Stable isotope analysis
Muscle samples of mud carp, mrigal carp and snails were freeze dried at –45 °C for 48 hours to constant weight in an FD-1-50 plus freeze-dryer (Beijing Biocool Experimental Instruments Co., Ltd.). The dried muscles were then ground to powder using a GT200 grinder (Beijing Grinder Instrument Co., Ltd.). Then, 0.5 mg of the ground muscle of each individual was encapsulated in a tin (Sn) capsule to ensure that they remained intact and did not leak or contaminate. The stable isotope ratios (δ13C and δ15N) and elemental concentrations of the tissues were detected using a continuous-flow isotope-ratio mass spectrometer (Delta V Advantage, Thermo Fisher Scientific, Waltham, MA, USA) coupled with an elemental analyzer (Flash EA 1112, Thermo Fisher Scientific, Milan, Italy).

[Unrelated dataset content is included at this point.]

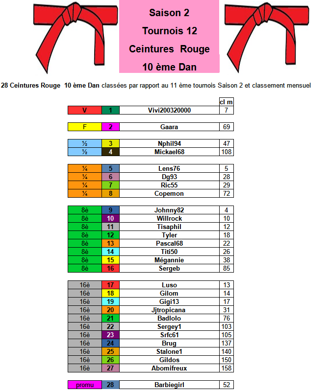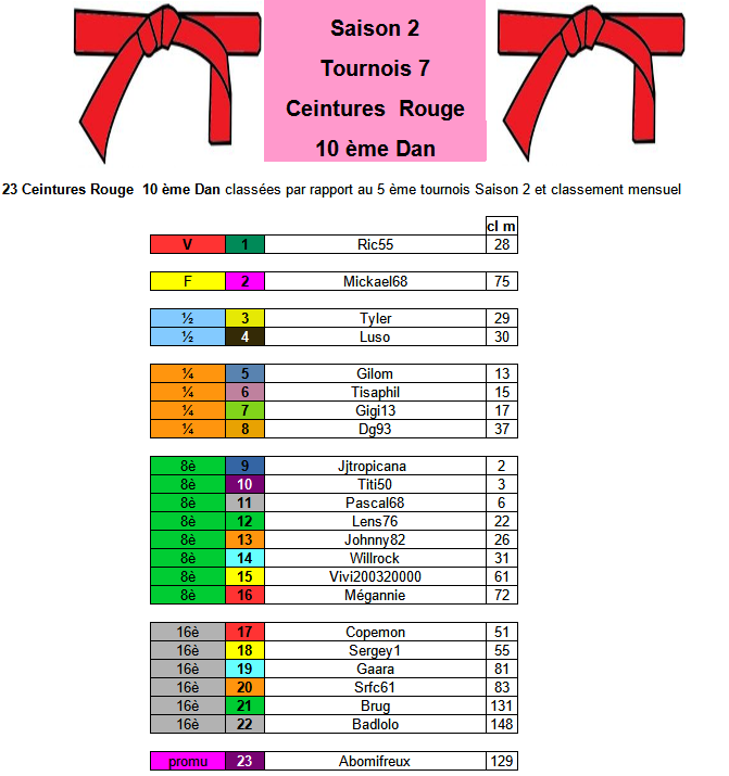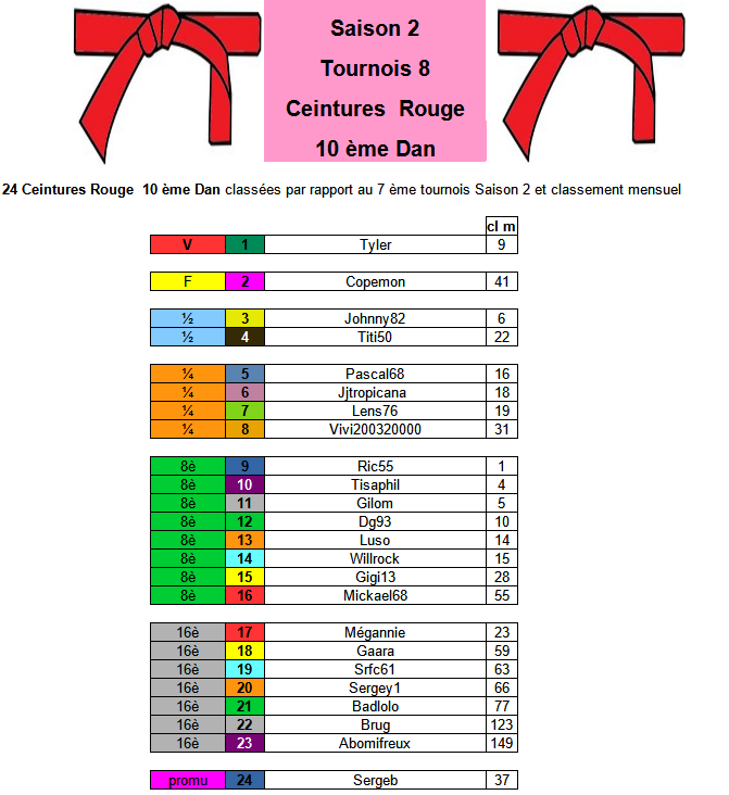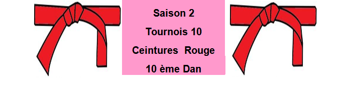 à chaque tournois on ajoute le dernier ceinture rouge 10 ème Dan .... donc en fonction du nombre de joueurs il y aura des excemps de 1er tour et le tournoi sera organisé en fonction du tournoi précédent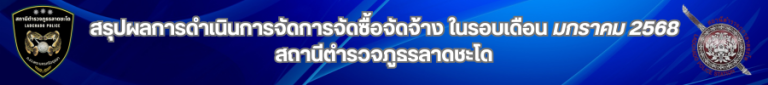 สถานีตำรวจภูธรลาดชะโด ได้สรุปผลการดำเนินการจัดซื้อจัดจ้าง (สขร.1) ประจำเดือน โดยมีข้อมูลรายละเอียดผลการจัดซื้อจัดจ้าง ได้แก่ งานที่ซื้อหรือจ้างวงเงินที่ซื้อหรือจ้าง ราคากลาง วิธีการซื้อหรือจ้าง รายชื่อผู้เสนอราคาและราคาที่เสนอ ผู้ได้รับกำรคัดเลือกและราคาที่ตกลง เหตุผลที่คัดเลือกโดยสรุป เลขที่และวันที่ของสัญญำ หรือข้อตกลงในกำรซื้อหรือจ้าง โดยจำแนกข้อมูลเป็นรายเดือน เผยแพร่เป็นประจำทุกเดือน  ช่วง 6 เดือนแรกของปีงบประมาณ พ.ศ. 2568 มีรายละเอียดดังปรากฏด้านล่างนี้

The CN ratios of mud carp and mrigal carp ranged from 3.14 to 3.30, which was consistently below 3.5, indicating very low lipid content (Post et al. 2007); thus, the data were analyzed without lipid correction. Because both species in the mesocosm treatments were cultured in the same pond ecosystem, they had the same trophic baseline. δ15N was used to estimate fish trophic positions. Trophic position was calculated as follows: trophic position = (δ15N – δ15Nbase)/Δn+ λ, where δ15Nbase is the mean δ15N of the baseline organism of the benthic surface grazing snails C. chinensis, Δn is the enrichment in δ15N per trophic level and equals 3.4 ‰, and λ is the trophic position of the baseline organisms and equals 2 (Post 2002). Robust linear mixed models were constructed to analyze the effects of species, experimental treatment and their interactions on individual trophic position and δ13C through the robustlmm package (Koller 2016). Multiple comparisons of the dependent variables among each level of the treatments for each species were performed in the emmeans package (Lenth 2021).
To describe trophic niches, we selected the most commonly used stable isotope ratios, which are defined as quantitative indicators of trophic niches (Marshall et al. 2019). To determine the trophic niche of the studied fish across different experimental designs or different wild communities, we calculated the Layman et al. (2007) niche metrics of δ13C range (CR) and δ15N range (NR). The niche size was estimated using the corrected standard ellipse area (SEAc) and Bayesian standard ellipse area (SEAB) by running the SIBER package (Jackson et al. 2011). All data analyses were completed in R 4.1.1 (R Core Team 2020).